While there are definite medical uses for cannabis, I always felt like the medical movement was both underhanded and dangerous.
It was underhanded because, like you said, there’s not a lot of research into its medical uses and doesn’t belong in a pharmacy. I’ve got a medical card, and my “diagnosis” consisted of me talking to a doctor for five minutes. It does help with my anxiety, but a lot of my usage is recreational.
It was dangerous because once we have medical research it won’t be hard to isolate the chemicals and make a pill, which puts recreational at risk of crackdown.
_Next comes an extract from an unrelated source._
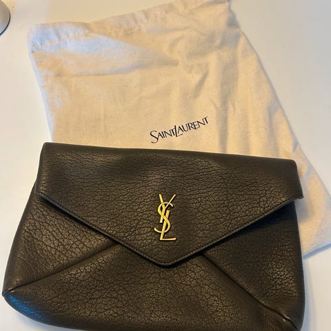YSL clutch veske for dame i stoff. Vesken har svart ytterstoff og lys klaff med YSL-logo. Innvendig er det et hovedrom med glidelåslomme, samt en liten speildetalj under klaffen. Lukkes med magnetknapp. Egner seg til oppbevaring av småting som nøkler, mobil og sminke ved bruk til hverdags eller ved mer formelle anledninger.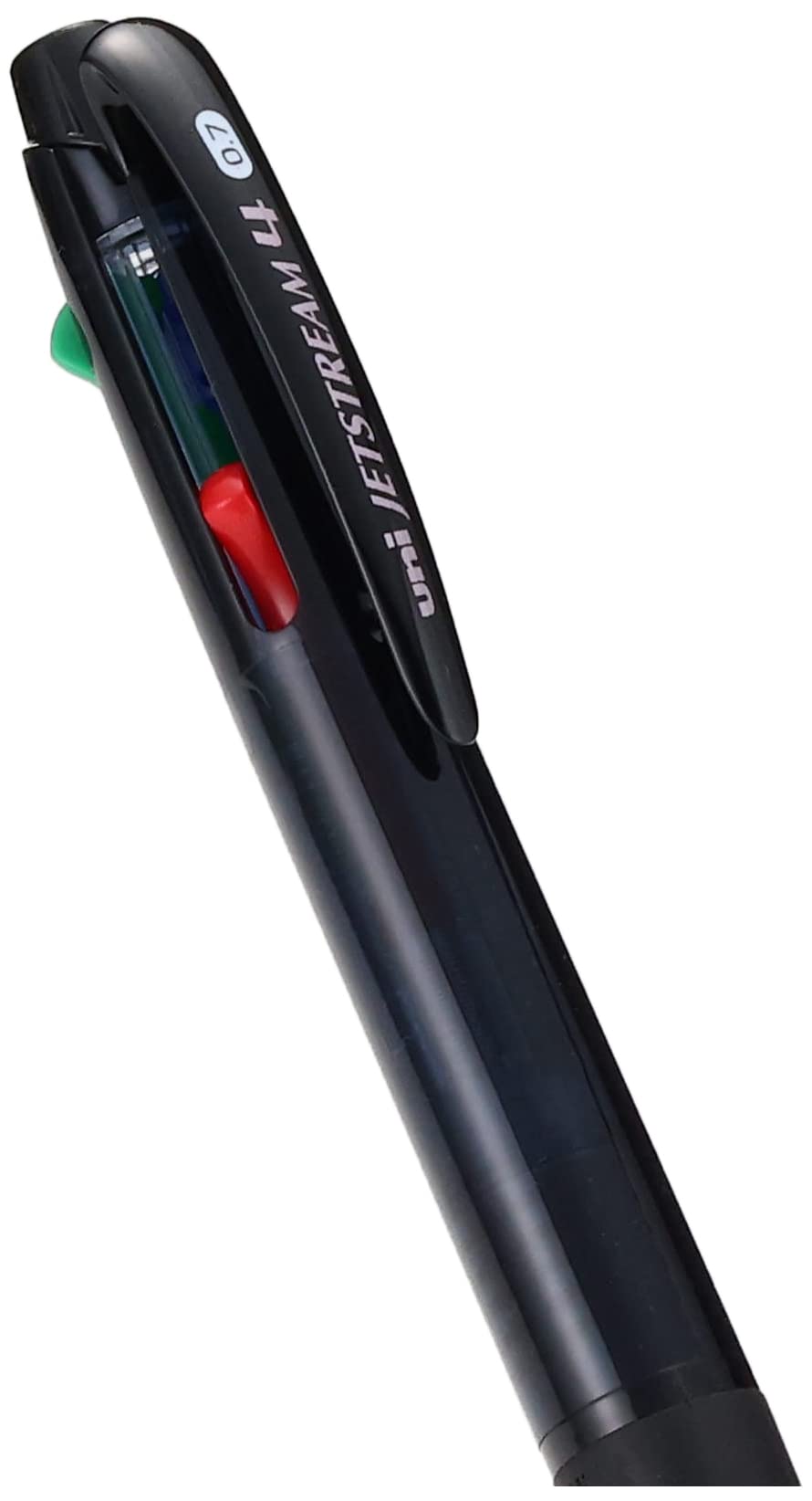三菱鉛筆 4色ボールペン ジェットストリーム 0.7 透明ブラック 書きやすい SXE450007T.24 型番:SXE450007T.24 ノック式/油性ボールペン ボール径:0.7mm インク色:黒、赤、青、緑 重量:13.6g サイズ:軸径 直径12.9mm×厚さ17.7mm×全長145.1mm ジェットストリームに4色多機能ペンが出来ました。

That already occurred decades ago - there was an Rx pill called Marinol, which was just a capsule with pure THC. It was prescribed to cancer and AIDS patients to encourage hunger and decrease nausea. Patients overwhelmingly preferred regular cannabis for a variety of reasons… one, it takes much longer for oral cannabis to take effect and it’s difficult to get the dosage right. Smoking or vaping is almost instant and you can take as many puffs as desired and judge it in real time. Also, people found the pure THC less effective and pleasant than the plant, which has many other active compounds besides just THC which moderate the effects. Some patients said that Marinol actually caused nausea, which makes sense to anyone who has ever dosed too much on edibles. More research on the other cannabinoids and their interaction is a good idea.
Keep talking about shit you don’t understand. These serious medical studies have already been done time and time again even by the us gov themselves. Guess what they found?